→ ASSIGNMENT:
Only the lines from the one with "2015年2月9日晚,在蘭州" through the end of the data below belong in the answer, restated word for word, pictures excluded.

:: STORED DATA

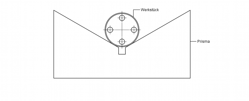 Die Werkstücke werden in Prismen gespannt und sollten daher einen zylindrisch überdrehten Außendurchmesser sowie eine plangedrehte Anbohrfläche zum Anlegen einer Bohrbuchse aufweisen.
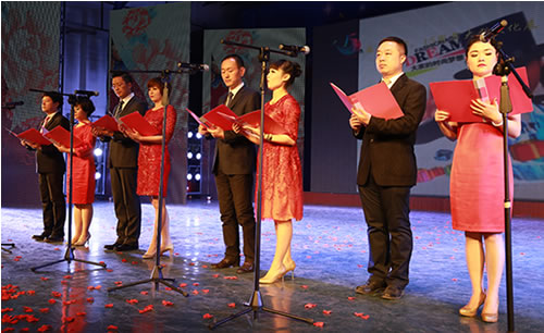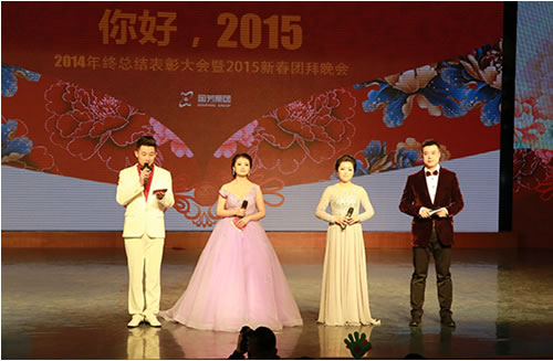 2015年2月9日晚,在蘭州37中(蘭州女子專業(yè)中等?茖W校)5樓藝術廳內,國芳集團“你好,2015”2014年終總結表彰大會暨2015年新年盛典溫馨開演。恰逢國芳集團成立十五周年,晚會現(xiàn)場充滿了溫馨、喜慶和感動。晚會延用了去年的大型LED顯示屏、多組VCR、微信平臺等廣受好評的元素,并創(chuàng)新的融入了中華名族傳統(tǒng)的禮儀文化,漢唐古典舞的壯觀優(yōu)美,員工孩子們《弟子規(guī)》的可愛表演,都在為晚會添加了精彩度的同時,將傳承禮儀所需要的高尚美德這一思想深入的傳達到每一位員工的心中。員工們精心準備的節(jié)目一個比一個精彩,極具藝術表現(xiàn)力和觀賞性,董事長也被熱烈的氣氛所感染,親自上臺演唱了兩首歌曲,把晚會推向了高潮。最后,國芳集團年終晚會在祥和熱烈的氣氛中落下了帷幕。讓我們共同期待來年的精彩!
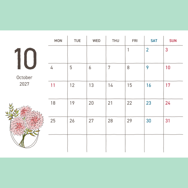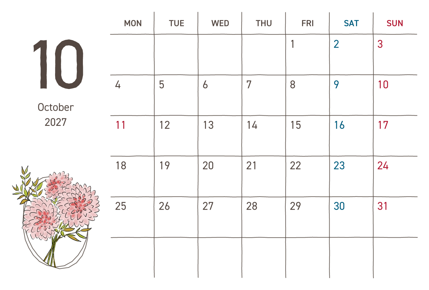 カレンダー|2027年10月|フリー素材 はがきカレンダー 2025.12.08 はがきカレンダー はがきサイズ スポンサーリンク 2027年10月のカレンダーのテンプレートです。10月のカレンダーの植物は、「ダリア」です。 サイズははがきサイズ(横)です。書き込みもしやすい、シンプルなデザインです。フリー(無料)でダウンロードできます。 calendar|2027. October カレンダー|2027年10月|ダリア
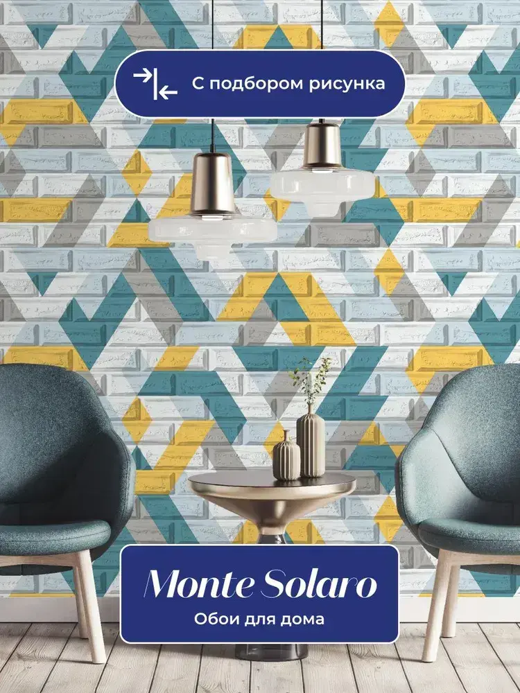 Обои флизелиновые виниловые Real Kirpichi 9050-05 Monte Solaro, кирпичи, для спальни, гостиной, кухни, коридора, детской, метровые

::::

→ RESULT:
 2015年2月9日晚,在蘭州37中(蘭州女子專業(yè)中等?茖W校)5樓藝術廳內,國芳集團“你好,2015”2014年終總結表彰大會暨2015年新年盛典溫馨開演。恰逢國芳集團成立十五周年,晚會現(xiàn)場充滿了溫馨、喜慶和感動。晚會延用了去年的大型LED顯示屏、多組VCR、微信平臺等廣受好評的元素,并創(chuàng)新的融入了中華名族傳統(tǒng)的禮儀文化,漢唐古典舞的壯觀優(yōu)美,員工孩子們《弟子規(guī)》的可愛表演,都在為晚會添加了精彩度的同時,將傳承禮儀所需要的高尚美德這一思想深入的傳達到每一位員工的心中。員工們精心準備的節(jié)目一個比一個精彩,極具藝術表現(xiàn)力和觀賞性,董事長也被熱烈的氣氛所感染,親自上臺演唱了兩首歌曲,把晚會推向了高潮。最后,國芳集團年終晚會在祥和熱烈的氣氛中落下了帷幕。讓我們共同期待來年的精彩!
 カレンダー|2027年10月|フリー素材 はがきカレンダー 2025.12.08 はがきカレンダー はがきサイズ スポンサーリンク 2027年10月のカレンダーのテンプレートです。10月のカレンダーの植物は、「ダリア」です。 サイズははがきサイズ(横)です。書き込みもしやすい、シンプルなデザインです。フリー(無料)でダウンロードできます。 calendar|2027. October カレンダー|2027年10月|ダリア
 Обои флизелиновые виниловые Real Kirpichi 9050-05 Monte Solaro, кирпичи, для спальни, гостиной, кухни, коридора, детской, метровые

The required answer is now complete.